Среди присутствовавших много было товарищей, которые под его руководством шли на любые дела и работали не один и не два десятка лет; активно участвовали в Гражданской войне, в борьбе с левым и правым уклоном. Считая его выше родного отца, они должны были бы с великой грустью воспринять смерть Сталина, но все было наоборот. Во время чтения правительственного сообщения ни на одном лице не было грусти, а только можно было слышать, что со смертью Сталина прекратит твориться чудовищный произвол, царивший несколько лет, и для нас всех наступит радостное время, когда у нас восторжествует Справедливость.
Много радости принесло разоблачение подлой деятельности матерого врага КПСС и советского народа Берии и его приспешников…
Мы были удивлены позорному явлению, которое творилось под крылышком «любимого» вождя партии и народа.
После уничтожения матерого врага народа Берии и его ближайших сподвижников наша жизнь была облегчена довольно основательно. Наш лагерь был переведен на режим ИТЛ.
Первым делом сняли с окон массивные железные решетки.
Ночью не стали держать на запоре.
Барак освободили от параши – воздух в бараке стал чище.
В ночное время на оправление ходили в уборную и стали видеть звездное небо.
Было разрешено писать одно письмо в месяц, а не два в год.
За работу стали платить в соответствии с существующими расценками, вычитая из заработка стоимость содержания в размере 6 руб. в день.
В ларьке заключенных появились сахар, чай, печенье, табак, папиросы, мыло и прочая мелочь. Иногда продавалась крупа и хлеб.
Были организованы буфеты, где можно было иметь вкусный горячий завтрак и обед за небольшую плату.

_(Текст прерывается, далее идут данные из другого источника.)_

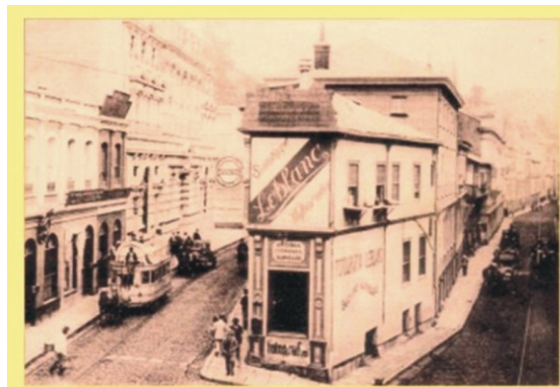
Bifurcacion llamada Cruz de Reyes en 1890, donde hoy se encuentra el Edificio del Reloj Turri.

En Valparaíso República de Chile a veintiuno de mayo de mil ochocientos ochenta i siete ante mi Joaquín 2º Iglesias, notario y conservador de bienes raíces de este departamento i testigos, cuyos nombres se expresaran a la conclusión, comparecieron los señores:

Одним словом, народ воспрял духом, во всем видя заботу о Советском человеке, где бы он ни находился…
Народ на все работы шел добровольно, с охотой. Заключенный знал, что он за свой труд получит плату.
Если в предыдущие годы среди заключенных шла борьба за получение «горбушки», то уже в конце 1954 года пайка хлеба на руки не выдавалась, а хлеб в столовой ставился на стол, и кушали кто сколько хотел, даже оставалось немного хлеба.
Мы стали ходить без этих презренных номеров, у нас появились фамилии, имена и даже отчества.
Если раньше из посылок изымали газеты и чай, то сейчас все это выдавали на руки.
Если наша работа шла успешно, когда мы работали за 50 г хлеба, то с новым положением она пошла во много раз успешнее.
В весеннее время на очистке парников от снега, набивке, посеве и пикировке работали сотни людей, то сейчас на этой же работе были заняты десятки человек, и все это делалось своевременно и качественно.
В первую ночь, как с окон были сняты решетки, а с дверей замки, администрация лагеря была в сильном возбуждении, и все ждали, что вот-вот среди заключенных начнется ссора и они меж собой не только поругаются, но и перережутся…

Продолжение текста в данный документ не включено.